Tuesday, September 27, 2016

The Crooked Things Straight

Getting lost within yourself is an unsettling feeling. What matters is counting on faith that things will happen, and people will get through. That there will be spirit enough to conquer the bad within and without, to cut through chaotic sound and fury, and lead in good ways.  What’s maybe most disheartening is when those around you give up on you.  Then it’s about really counting on the one who created you, trying to know, to grasp at not being alone in the struggle.  Words for me have always been my sanity point—writing itself as a way to make sense of the chaos and reach toward God.
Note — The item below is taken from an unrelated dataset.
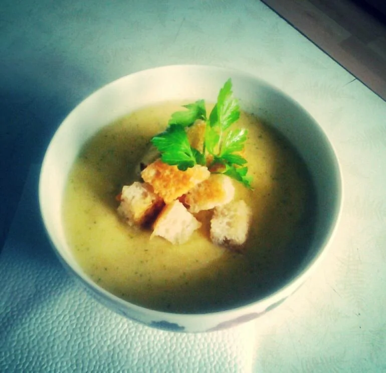ШАГ 4 Когда горох будет готов, добавляем в суп зажарку, соль, специи. Доводим до кипения, добавляем зелень и на медленном огне варим суп еще минут 5. После чего настает черед блендера. Он у меня погружной, так что я орудую им прямо в кастрюле, в которой варила суп. Если ваш блендер не погружной, суп сначала надо остудить. Измельчаем блендером до однородной, кремообразной массы.

When I write, I find a way to draw out of me the many mixed emotions and ideas I have, all tangled together.  It’s extreme mess, this tangle, and all that I love and is important to me is in this mess, so I must, feel compelled, to disentangle. To look at the mess and see it for what it is.  It’s unsettling to see this mess, and feel helpless as to what to do with it.  I feel sometimes as though this chaos is unmitigated, unruly, and other times I find the most unusual help along the way that I suddenly feel as though somehow the getting lost is a part of the fray.  And fray is the right word here—this constant rubbing, wearing away, the way feeling lost and dealing with daily internal struggle. It’s messy.
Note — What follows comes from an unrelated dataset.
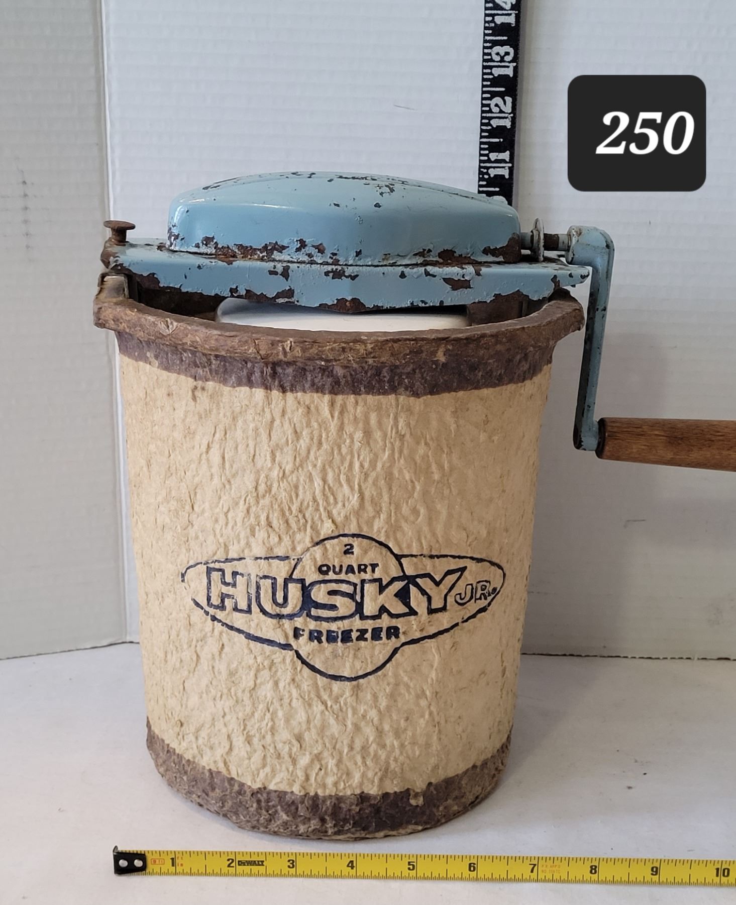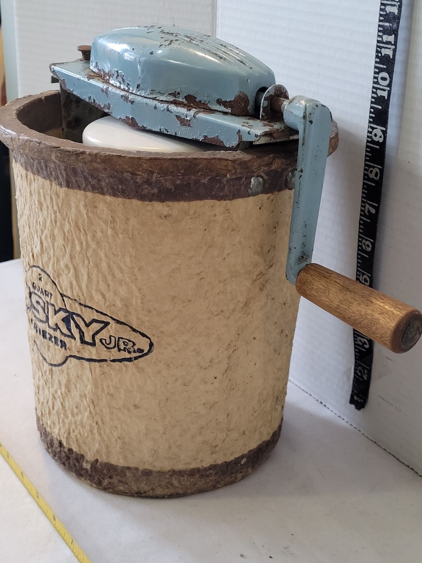 Vintage Husky Jr. 2 quart, paper mache ice cream freezer.

The other day I felt Tom’s presence—there was no other explanation: I’d been talking out loud to him, imploring his help in the middle of an argument, and all of a sudden there was clarity on my part as well as that of my other half.  He was so close to us in life that I believe he could, in an act of love from beyond, reach us this way.  I have a whole other view of faith, having had this experience a few times now. It hasn’t been a singular thing, or coincidental.  It has been a thoughtful set of moments, and crucial moments, during which I have learned something important about myself or those around me.  I think there must be something to this, even though I grasp at its effluence, its ethereal presence. There’s something there, then there’s nothing.  And then, most notably, there is in fact a solid change left behind, a grace, some kind of reconciling that makes the soul feel as though something right has happened, that the crooked thing has been set straighter, perhaps, or at least set upright, accepted, warmly, into a new space.